Model busana pengantin wanita ini dinamakan baju ikan duyung. Selain sarong yang
bermotifkan ikan duyung, terdapat juga sarong motif sarang burung, disebut model
salimburung, sarong motif kaki seribu, disebut model kaki seribu dan sarong motif bunga,
disebut laborci-laborci. Aksesori yang dipakai dalam busana pengantin wanita adalah sanggul
atau bentuk konde, mahkota (kronci), kalung leher (kelana), kalung mutiara (simban), anting
dan gelang. Aksesori tersebut mempunyai berbagai variasi bentuk dan motif. Konde yang
menggunakan 9 bunga Manduru putih disebut konde lumalundung, sedangkan Konde yang
memakai 5 tangkai kembang goyang disebut konde pinkan. Motif Mahkota pun  bermacam-
macam, seperti motif biasa, bintang, sayap burung cendrawasih dan motif ekor  burung
cendrawasih. Pengantin pria memakai busana yang terdiri dari baju jas tertutup atau terbuka,
celana  panjang, selendang pinggang dan topi (porong). Busana pengantin baju jas tertutup
ini, disebut busana tatutu. Potongan baju tatutu adalah berlengan panjang, tidak memiliki
krah dan saku. Motif dalam busana ini adalah motif bunga padi, yang terdapat pada hiasan
topi, leher baju, selendang pinggang dan kedua lengan baju.
Busana Pemuka Adat
Busana Tonaas Wangko adalah baju kemeja lengan panjang berkerah tinggi, potongan  baju
lurus, berkancing tanpa saku.

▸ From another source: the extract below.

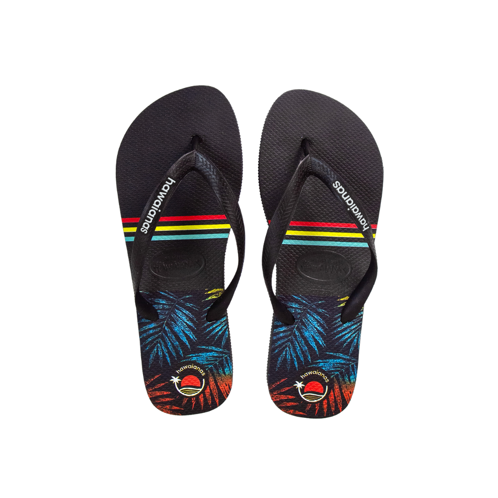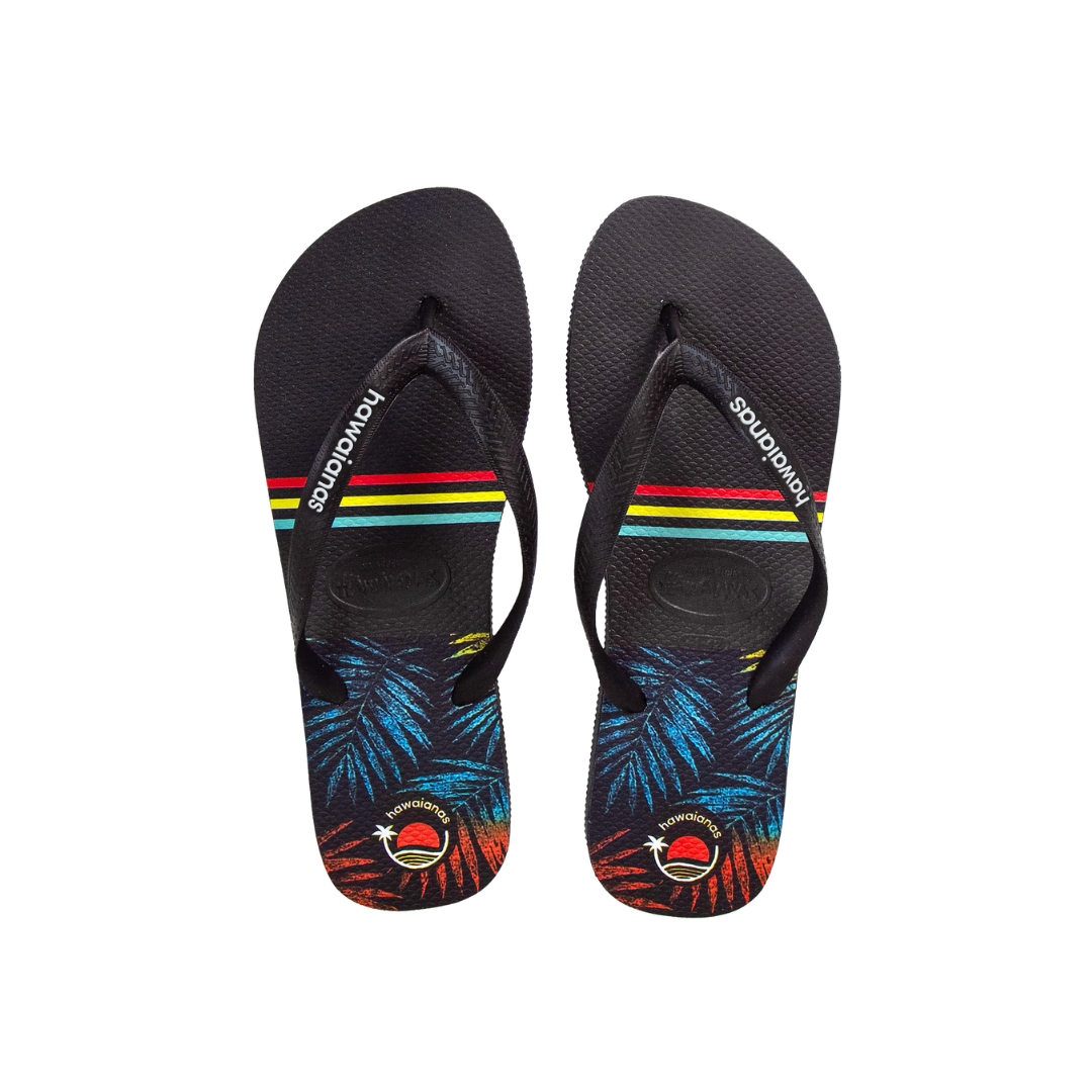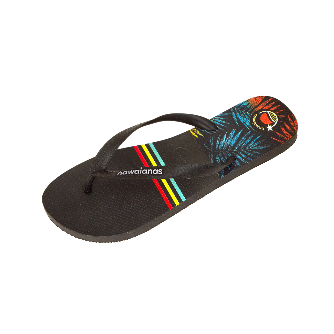 Las Ojotas Hawaianas Trial ofrecen un diseño moderno y lleno de estilo. Con base y tiras en color negro, presentan una estampa con tres líneas en tonos rojo, amarillo y verde en la parte media, junto a un detalle de hojas tropicales en azul y celeste en la parte inferior. Resistentes, cómodas y versátiles, son el calzado ideal para el verano, ya sea en la playa, la pileta o la ciudad.

Warna baju hitam dengan hiasan motif bunga padi  pada leher
baju, ujung lengan dan sepanjang ujung baju bagian depan yang terbelah. Semua motif
berwarna kuning keemasan. Sebagai kelengkapan baju dipakai topi warna merah yang dihiasi
motif bunga padi warna kuning keemasan pula. Busana Walian Wangko pria merupakan
modifikasi bentuk dari baju Tonaas Wangko, hanya saja lebih panjang seperti jubah. Warna
baju putih dengan hiasan corak bunga padi. Dilengkapi topi porong nimiles, yang dibuat dari
lilitan dua buah kain berwarna merahhitam dan kuning-emas, perlambang penyatuan 2 unsur
alam, yaitu langit dan  bumi, dunia dan alam baka. Sedangkan Walian Wangko wanita,
memakai baju kebaya  panjang warna putih atau ungu, kain sarong batik warna gelap dan topi
mahkota (kronci). Potongan baju tanpa kerah dan kancing. Dilengkapi selempang warna
kuning atau merah, selop, kalung leher dan sanggul. Hiasan yang dipakai adalah motif bunga
terompet.

 
 
Bentuk dan jenis busana Tonaas dan Walian Wangko inilah yang kemudian menjadi model
dari jenis-jenis pakaian adat Minahasa untuk berbagai keperluan upacara, bagi warga maupun
aparatur pemertintah setempat. Jenis-jenis dan bentuk busana di atas merupakan kekayaan
budaya Minahasa yang tak ternilai harganya. Selain sebagai  penunjuk identitas kebudayaan,
busana adat tersebut menumbuhkan kebanggaan bagi masyarakatnya.